- Education: University College London
- Occupations: Professor of Perioperative Medicine and Consultant in Anaethestics and Critical Care

= Ramani Moonesinghe =

British medical doctor

Ramani Moonesinghe is Professor of Perioperative Medicine at University College London (UCL) and a Consultant in Anaesthetics and Critical Care Medicine at UCL Hospitals. Moonesinghe was director of the National Institute for Academic Anaesthesia (NIAA) Health Services Research Centre between 2016 and 2022, and between 2016 and 2019 was Associate National Clinical Director for Elective Care for NHS England. In 2020 on she took on the role of National Clinical Director for Critical and Perioperative care at NHS England and NHS Improvement.

Her career has been profiled in The Lancet and BMJ and she was the Royal College of Anaesthetists' contemporary nomination for the "Women in Medicine, a celebration" exhibition at the Royal College of Physicians.

== Education ==
Moonesinghe graduated from UCL Medical School in 1997, where she was president of the medical students' union, and did her postgraduate training in internal medicine at Guy's and St. Thomas' Hospitals. In 2015, Moonesinghe began a fellowship in Improvement Science with the Health Foundation.

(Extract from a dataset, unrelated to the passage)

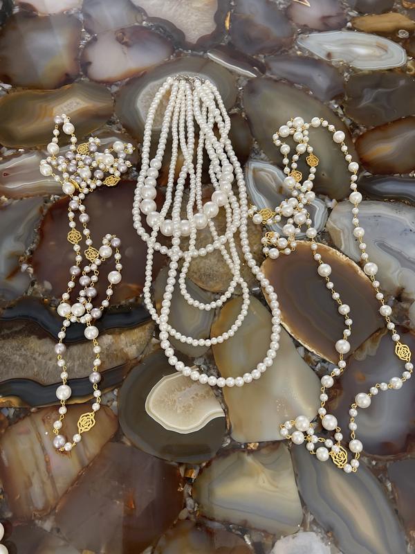 Кольє перлини довге, можливо замовити як сет з двох , або трьох( або більше) різних. Кожне кольє продається окремо! Сет з двох 1200; сет з трьох 1500 грн. Є три варіанти : білий з золотом, білий та сірий з золотом та намисто в пʼять рядів . Дивиться та вибирайте🌸

Moonesinghe has reported she was inspired by Katharine Lloyd-Williams, an anaesthetist and educationalist who oversaw the creation of the UK's first medical school completely open to both male and female students.

== Career ==
Moonesinghe was appointed to UCL Hospitals in 2010 as consultant in anaesthetics and critical care medicine, and was appointed Professor of Perioperative Medicine at UCL in 2018. She is co-director of the UCL/UCLH Surgical Outcomes Research Centre (SOuRCe). She is director of the Centre for Perioperative Medicine and head of the Research Department for Targeted Intervention, both at UCL. Her research focuses on evaluating interventions aimed at improving perioperative outcomes, including technological and service innovations. Her work also develops and evaluates methods of predicting risk of adverse outcomes from major surgery and ways to measure outcome from surgery, including patient-centred outcomes. She has received research funding for epidemiological and interventional research from the Health Foundation, Wellcome Trust and the National Institute for Health Research (NIHR) amongst other funders.

Between 2008 and 2012, Moonesinghe was a council member of the Royal College of Anaesthetists. Between 2016 and 2022 she was director of the National Institute for Academic Anaesthesia's (NIAA) Health Services Research Centre. She was the NIAA academic training advisor between 2012 and 2017 and a NIAA Board member from 2009 until 2022.

In 2017, Moonesinghe was selected to join the Q initiative in the founding cohort, an initiative led by the Health Foundation to improve care quality for NHS patients. Moonesinghe was on the design team of 'Little Heroes' gowns, a 2017 BSc Product Design student's final year project; superhero-inspired hospital gowns with a detachable capes for children aged two to six.

In 2016 she was appointed Associate National Clinical Director for Elective Care at NHS England, and then National Specialty Advisor for Elective Care in 2019. In 2020 she was appointed as National Clinical Director for Critical and Perioperative Care at NHS England and NHS Improvement. In this role she supported the national NHS response to the COVID-19 pandemic in England.

She was made an Officer of the Order of the British Empire in the 2021 New Year's Honours List, for service to anaesthesia, perioperative and critical care medicine.